WHAT THE TASK ASKS:
Return exactly, please, the line that contains "Iğdır İl Özel" and every line after it through the end of the material that follows, leaving pictures aside.

INFORMATION SUPPLIED:

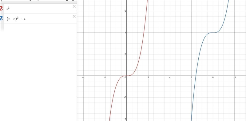 How does the graph of f(x) = (x − 8)3 + 4 compare to the parent function g(x) = x-example-1
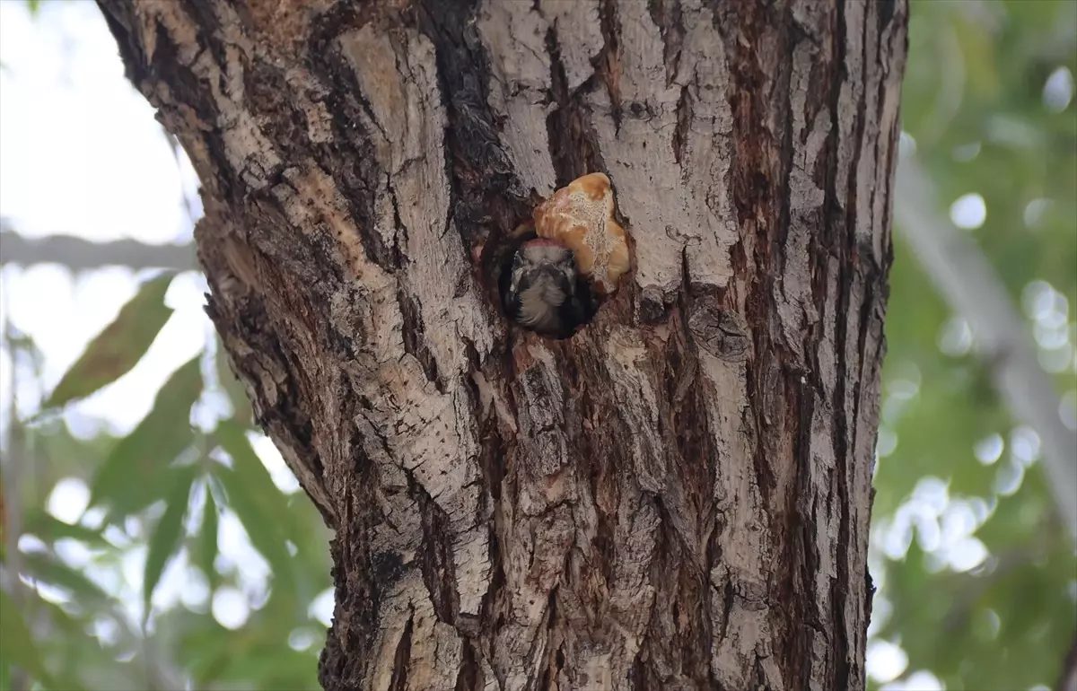 Iğdır İl Özel İdaresi bahçesindeki bir ağacın kovuğuna yuva yapan alaca ağaçkakan yavrusu, kurum çalışanlarının ilgi odağı haline geldi.
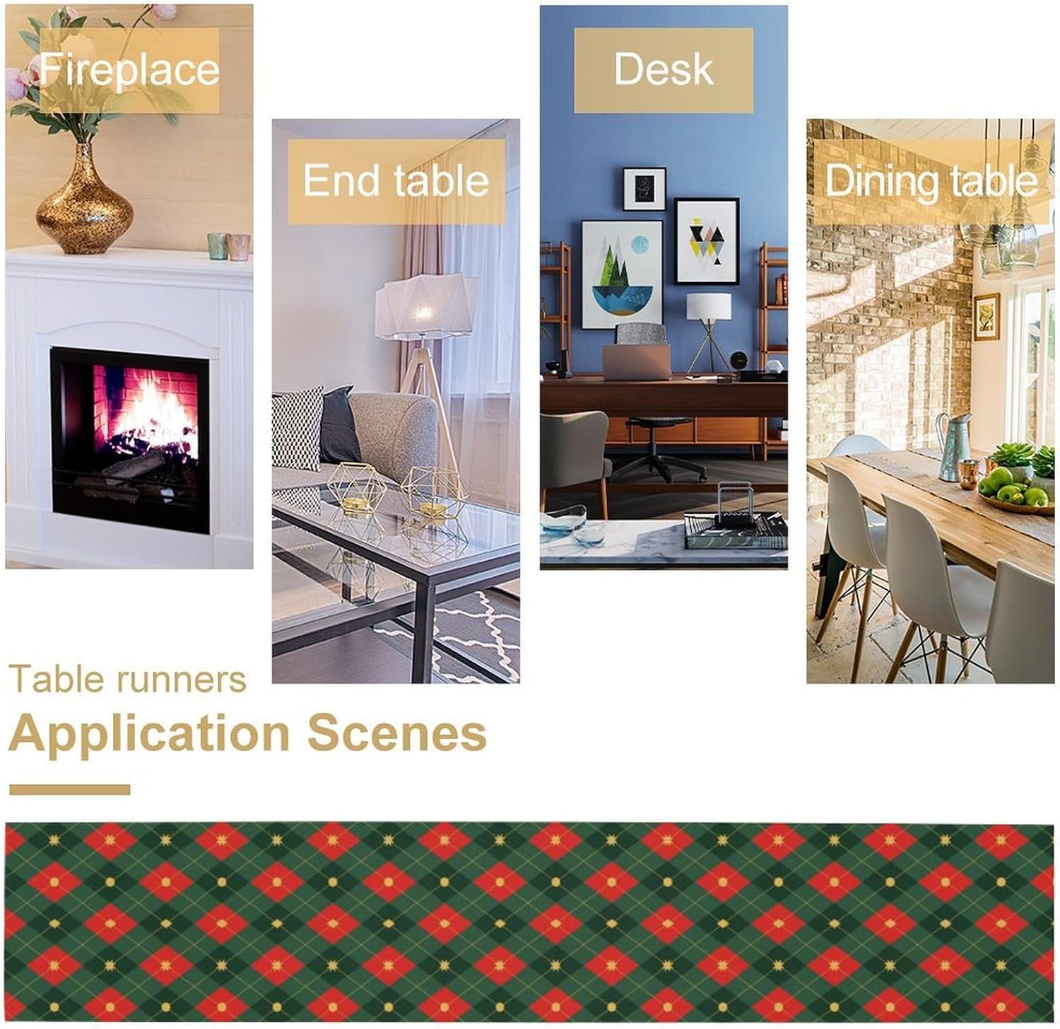 Christmas Table Runner,Green Red Xmas Plaid Table Cloth Kitchen Dining Table Decoration for Home Party Decor 13x90 Inch
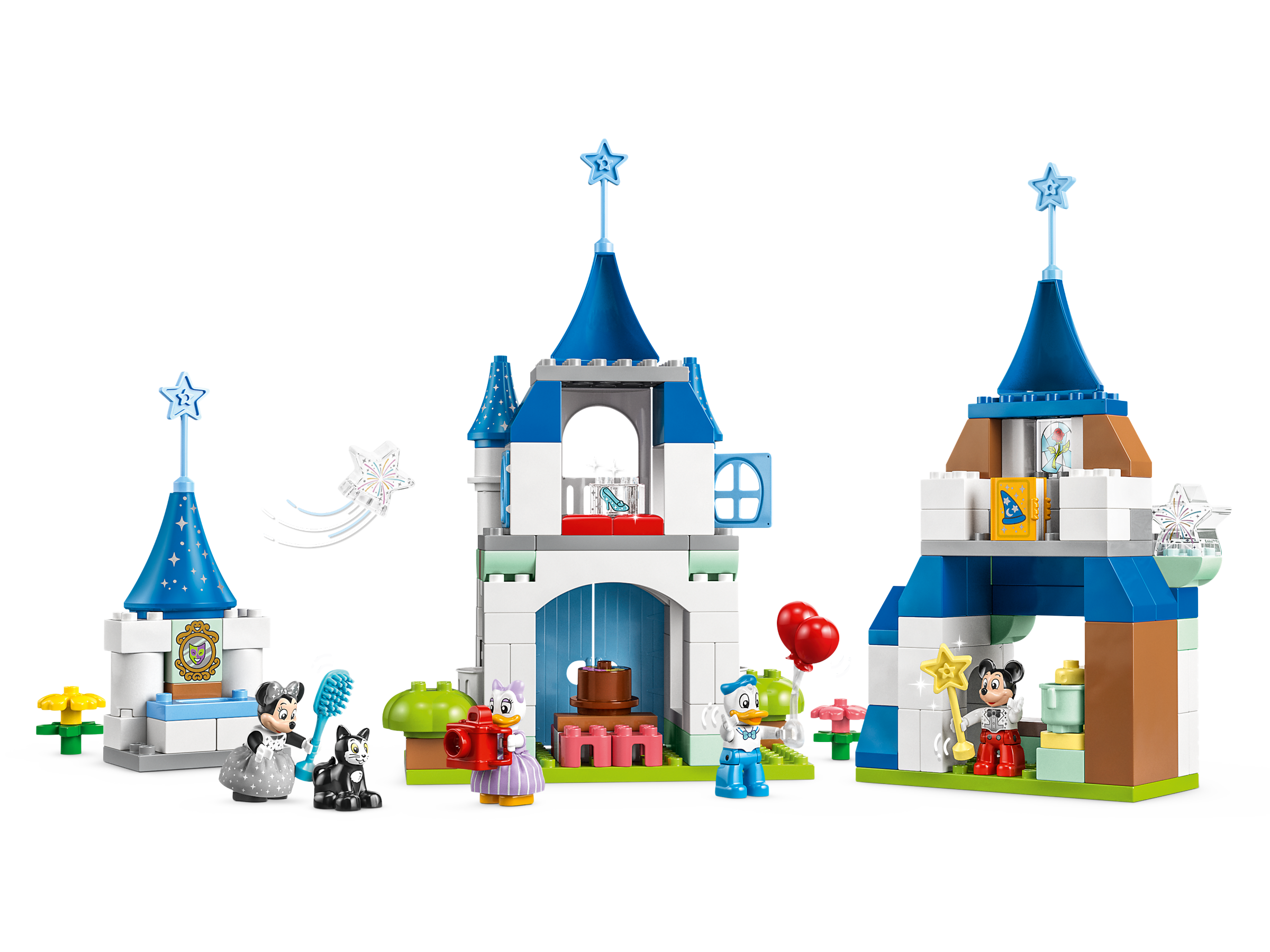 The castle can be built 3 ways. Toddlers get the choice of making one large model, a tall tower or 2 smaller castle builds. The set isfull of features for imaginative play, such as a kitchen for cake-making and a dressing room with a buildable mirror toy. Also included are enchanting details from around the Disney universe, such as Cinderella’s shoe, Belle’s rose and the magic book from The Sorcerer’s Apprentice.

OUTPUT BELOW:
 Iğdır İl Özel İdaresi bahçesindeki bir ağacın kovuğuna yuva yapan alaca ağaçkakan yavrusu, kurum çalışanlarının ilgi odağı haline geldi.
 Christmas Table Runner,Green Red Xmas Plaid Table Cloth Kitchen Dining Table Decoration for Home Party Decor 13x90 Inch
 The castle can be built 3 ways. Toddlers get the choice of making one large model, a tall tower or 2 smaller castle builds. The set isfull of features for imaginative play, such as a kitchen for cake-making and a dressing room with a buildable mirror toy. Also included are enchanting details from around the Disney universe, such as Cinderella’s shoe, Belle’s rose and the magic book from The Sorcerer’s Apprentice.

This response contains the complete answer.